Pregunto, por qué iguanas y tortugas. “Es tradición”, responde alguien. La tradición a veces desgasta el significado inicial de las cosas. Cinco años atrás, presencié esta procesión por primera vez y ese día la preocupación era esclarecer si la gente se sabía la leyenda. Pocos la relataron como era. Esta vez no fue diferente.

Se remota a una contienda entre indios tupes y españoles. En la que la Virgen rescató milagrosamente a los españoles de morir en dos ocasiones.  La primera vez, bajo el fuego que desataron los indios en la población y la segunda, del agua envenenada.

“Ahora los indios le llevan ofrendas a la Virgen”, dijo una señora vestida de india llevando el pan de las monjitas en la mano. Son ofrendas que van desde las iguanas de pan hasta canastas de frutas enteras. Al paso de la Virgen, el pueblo en su traje de indio, las hace bendecir. “Después, uno tiene el deber de repartir esa comida entre la familia. En todo caso tiene que compartirla con la gente”, explica otra señora.
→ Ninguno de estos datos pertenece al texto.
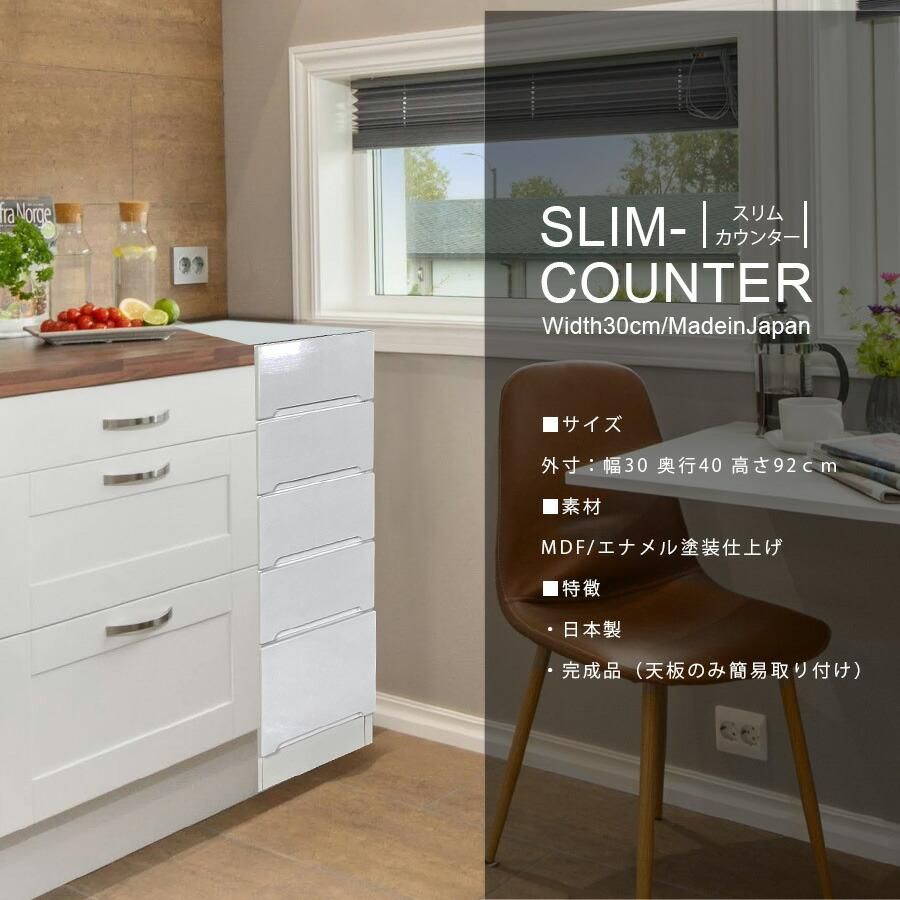 すきま収納 ランドリー収納 30幅 幅30cm 5段 隙間収納 隙間家具 すきま家具 木製 日本製 シンプル モダン ホワイト エナメル塗装 アウトレット価格並 大川家具

Dos horas después de haber comenzado, termina la Eucaristía y comienza la procesión. Un grupo de indios (estos sí magníficamente caracterizados) bailan por la calle, de para atrás, al ritmo de una música que siempre ha tenido el poder de hipnotizarme. Es la misma corta secuencia una y otra vez a lo largo del trayecto. Ellos van bailando abriéndole paso a la Virgen.

Detrás va el sacerdote, dirigiendo un Rosario a lo largo del camino. Detrás vienen cargando a la imagen y cada cierto paso se detienen a colgarle medallitas a la base del altar.

Varias calles más adelante hay altares cada vez más llenos de cosas. Incluso hay uno que entorno a la Biblia y la imagen de la Virgen tiene un tapete de tierra en el piso. “Se le ofrecen a la Virgen los productos que representan la región –dice otra señora-. Esa es tierra de Valledupar. Al lado está el manduco con el que se lava la ropa y la ponchera (platón); también la tinaja que se usaba para conservar el agua fresca cuando no había neveras, los cocos de acá y la leña del Brasil con las piedras que se usaban para cocinar”.